Two years after my father’s heart attack and quadruple bypass surgery, followed by a sternal infection that rendered him so frail he could hardly walk, he’s taking hour-long bike rides up mountains.

Though I can’t speak for his mind or his emotions, I don’t think the near-death experience changed him in the way romanticized stories suggest. He already had the traits said to be inspired by such experiences – energy, spontaneity, courage.

It didn’t take a heart attack for him to follow his passions or find his convictions.

When he was in the band, he got one of his many nicknames, the “Mangler,” for single-handedly making five drunk thieves return a stolen trailer after a particularly lively show.

He saved a boy from drowning in a frozen lake, and chased a drunk driver on foot after a hit-and-run.

It didn’t take a heart attack for my dad to leap feet first into these situations, and that won’t be the reason he continues.

My father is a dreamer. As he ages, I keep redefining what I consider “old,” because I couldn’t possibly see a man with as much life, creativity and joy as anything but timeless.

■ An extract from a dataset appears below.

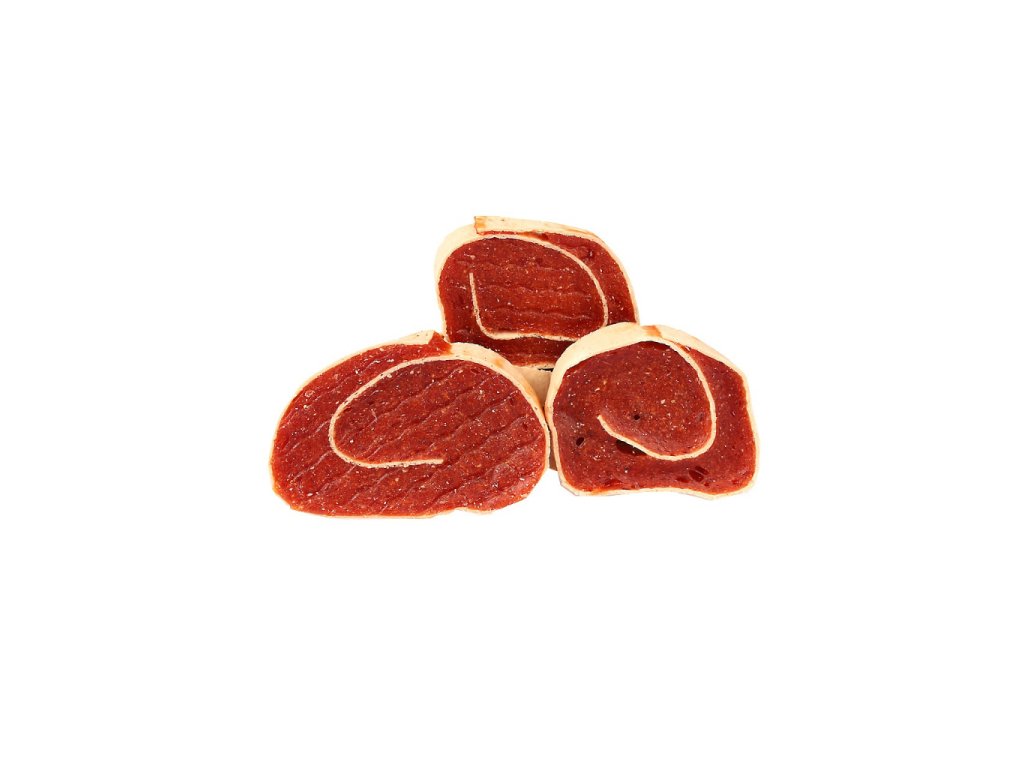 Šťavnaté kousky sušeného kuřecího a rybího masa formovaná do měkkých roládek pro podporu imunity a lesklé srsti. Vynikající doplnění a oživení Vašeho společného tréninku.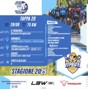 Domenica 28 settembre 2025 si torna in pista con la ventesima tappa del circuito ciclistico Opes Giro dell’Agro Pontino con il Memorial Giovanni Accapezzato, gara organizzata dalla Asd Il Pirata Cosmetal Vangi Sama Ricambi.

They say that as we age and gain possessions we become more conservative – if not in politics, at least in lifestyle. By those standards, my father is aging backward. I hope I can follow his lead.

We all try to move toward an ideal version of ourselves and now I see pieces of him in my path and personality.

It’s becoming clear that the symbolic version of myself is an awkwardly humorous, career-shifting life learner. And, just maybe, she’ll have a mullet.